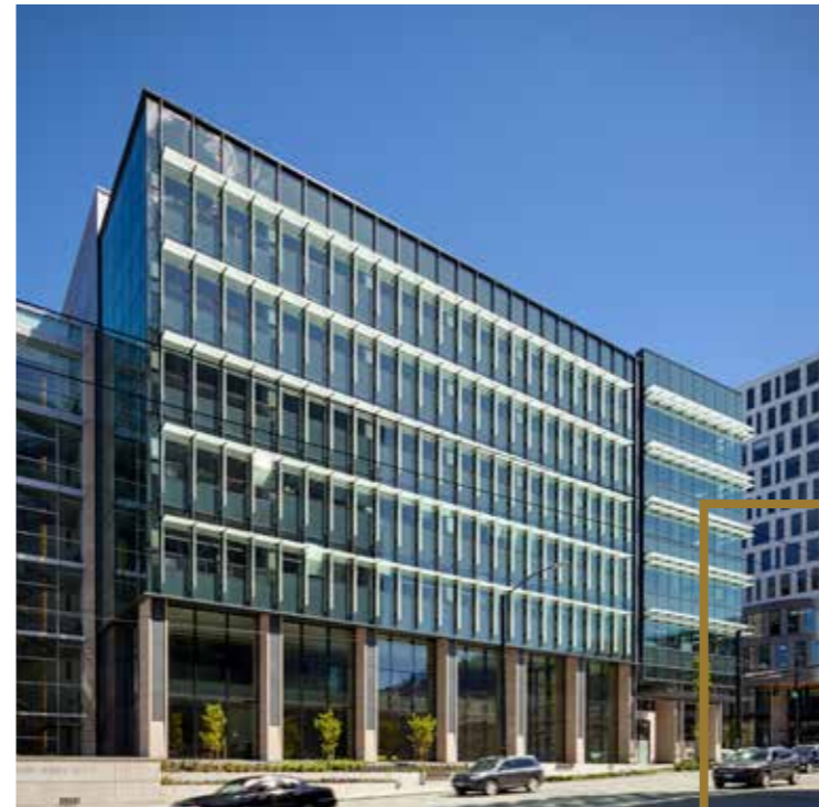
Vue Research Center, Seattle, WA
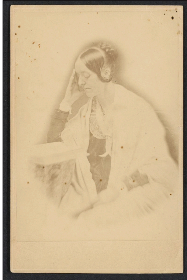
Fig. 1: Margaret Fuller in 1846, before leaving for Europe

her friends and colleagues mobilized in order to deal with and arrange her papers and documents, both the ones they possessed and, more interestingly, those they did not. In this article I explore the space created by the ‘if’ (‘if we cannot find her work’) and the ‘in case’ (‘in case that shall be found’) mentioned in the letter by Greeley, as indicative of the possibilities and doubts inherent in any archival work. I would like to ponder on the conditional origins of Fuller’s archive, both the material archive of her papers and the discursive space generated by uncertainty, unrecovered objects, and scattered remnants. I believe that the imaginative and possibilistic space created by ‘if’ and ‘in case’ is at the origin of the archival impulse and, in this specific case, is what guided the creation of Fuller’s archive in its various instantiations.
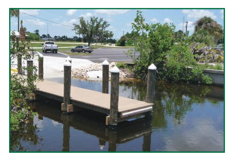
El Jobean boat ramp and parking renovations were completed, including construction of a new ramp, loading dock and paved parking.
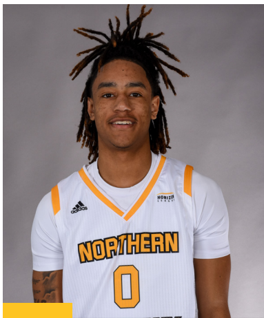
0 6-4 • 175 LBS FRESHMAN GUARD BOWLING GREEN KY. • BOWLING GREEN
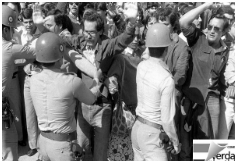
(Above left) Citizens in Asunción, capital of Paraguay, celebrate the return of democracy. (At right) The police suppress a public demonstration during Stroessner's regime.
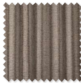
Mistra Wide-Width Decorative Sheer 4 Colours
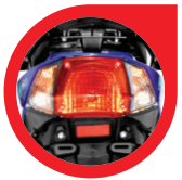
Stylish Back Light
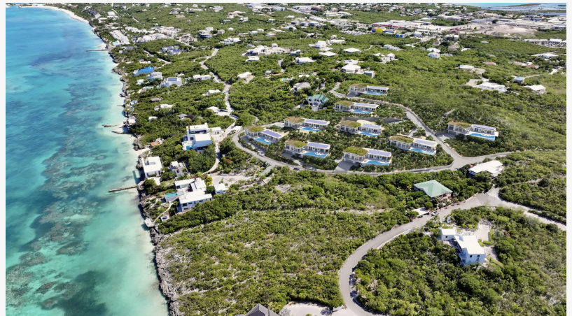
The Summit on Blue Mountain

This press release can be viewed online at: https://www.einpresswire.com/article/697557614
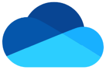
new OneDrive logo

Then your version will work with Teams. If the icon has 2 clouds like the one below:
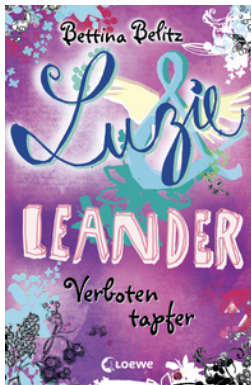
Lucie & Leander - Courageously Wicked (Vol. 6)
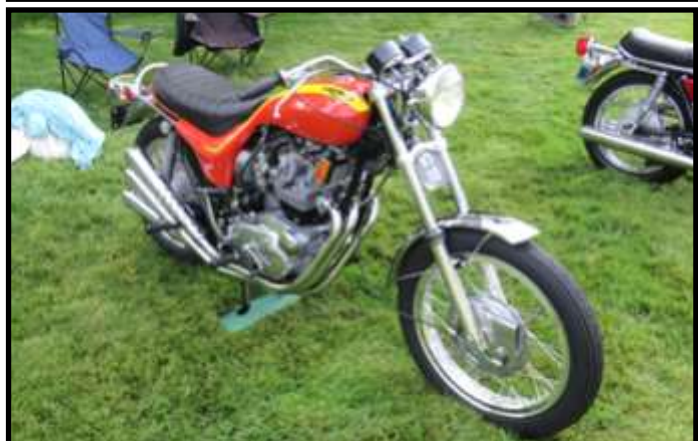
1973 Triumph X75 Hurricane (740cc)
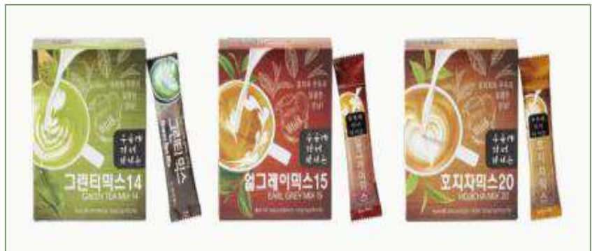
5 Hojicha mix/Earl Grey mix/Green tea mix

*Task requirements*
Set out nothing but the lines from the line with "(Above left) Citizens" through the end of the material, reproduced exactly, both ends included, pictures omitted.

*Task result*
(Above left) Citizens in Asunción, capital of Paraguay, celebrate the return of democracy. (At right) The police suppress a public demonstration during Stroessner's regime.
Mistra Wide-Width Decorative Sheer 4 Colours
Stylish Back Light
The Summit on Blue Mountain

This press release can be viewed online at: https://www.einpresswire.com/article/697557614
new OneDrive logo

Then your version will work with Teams. If the icon has 2 clouds like the one below:
Lucie & Leander - Courageously Wicked (Vol. 6)
1973 Triumph X75 Hurricane (740cc)
5 Hojicha mix/Earl Grey mix/Green tea mix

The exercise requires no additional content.